In a second aspect of the invention, a method is provided for playing a digital music file with instructions for producing music arranged on a plurality of channels, wherein the digital music file includes information about resources required for playing music corresponding to the digital music file and is played by a digital music player with predetermined processing capabilities, the method comprising: organizing the digital music file so that the channels are ranked according to musical importance and assigned a corresponding channel priority; providing a digital music player having a processing requirement calculation means for calculating the device specific consumption of processing resources based on processing complexity information stored in the device; and having the digital music player play the music use a playback control adjusting means for selecting the playback resources not exceeding the available processing resources of the digital music player, as controlled by the processing requirement calculation means; the method characterized in that: the digital music file information is classified into at least one predefined voice category corresponding to a digital music player voice architecture configuration such that the digital music player calculates the processing requirements based on the information in the digital music file and the processing complexity information so as to predict the processing requirements for different voice resources prior to the playback of the digital music file.
In accord with the second aspect of the invention, depending on the embodiment, the playback resource requirement information may contain voice classification information, which may define DLS voice configurations and audio processing effects such as effects indicated by reverb, chorus, flanger, phaser, parametric equalizer, graphical equalizer, or a three-dimensional sound processing algorithm.

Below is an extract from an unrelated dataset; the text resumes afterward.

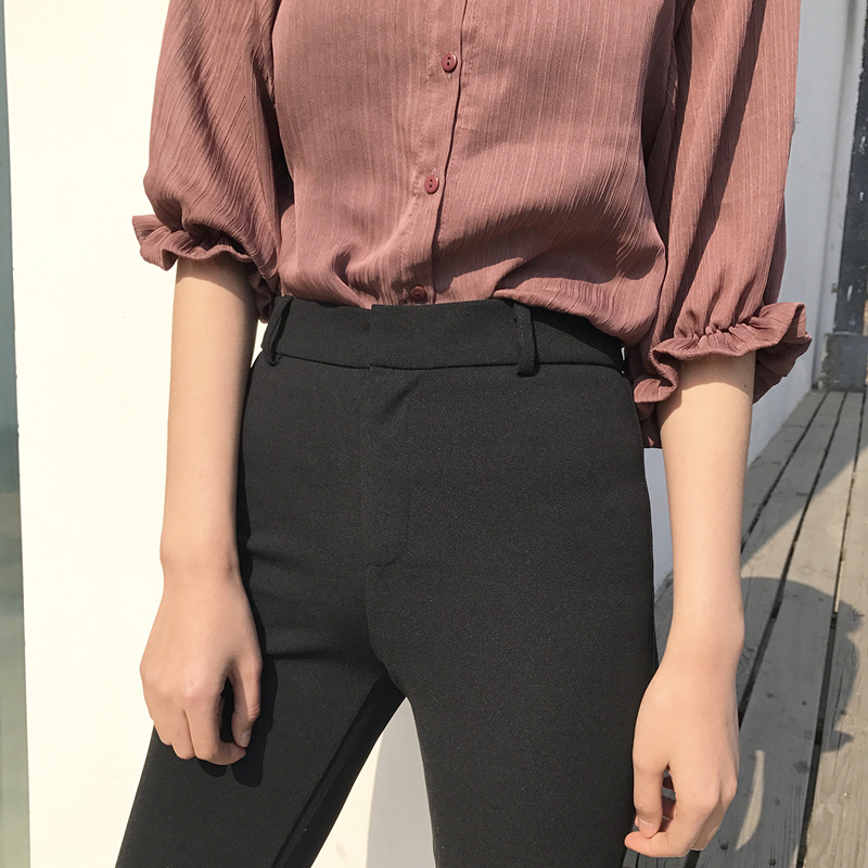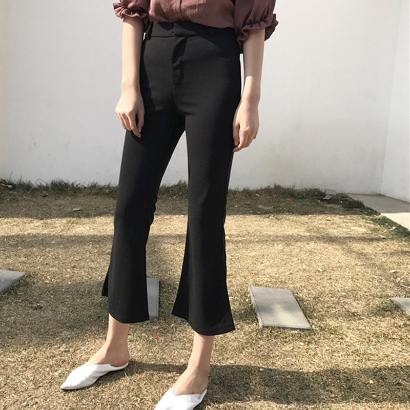 / 秋季新款復古韓國百搭純色顯瘦喇叭褲氣質風修身基礎休閑褲女裝潮

Also, the playback resource requirement information may contain MIV information. Also the processing complexity information may be a voice complexity coefficient. Also, the digital music player voice architecture configuration may be a DLS1 voice architecture or a DLS2 voice architecture. Also, the digital music player may be a MIDI synthesizer, and the digital music file may be an XMF file. Also still, the playback control adjusting means may use channel masking for adjusting the processing load. Also still, a playback resource adjustment decision may be made prior to the playback of the digital music file. Also still, the digital music player voice architecture configuration may be such as to be adjustable during the playback, i.e. dynamically. Still also, the digital music player voice architecture may be such as to represent multiple different voice configurations in parallel for the playback of one digital music file.
In a third aspect of the invention, a method is provided for playing a digital music file with instructions for producing music arranged on a plurality of channels, wherein the digital music file includes information about resources required for playing music corresponding to the digital music file and is played by a digital music player with predetermined processing capabilities, the method comprising: organizing the digital music file so that the channels are ranked according to musical importance and assigned a corresponding channel priority; providing a digital music player having a processing requirement calculation means for calculating the device specific consumption of processing resources based on processing complexity information stored in the device; and having the digital music player play the music use a playback control adjusting means for selecting the playback resources of the device controlled by processing requirement calculation means; the method characterized in that: the digital music file information contains playback resource requirement information classified into at least one category corresponding to a digital music player configuration with known processing requirements, and device specific information is utilized by the processing requirement calculation means to ensure that the digital music player is able to play the music corresponding to the digital music file without exceeding the available resources.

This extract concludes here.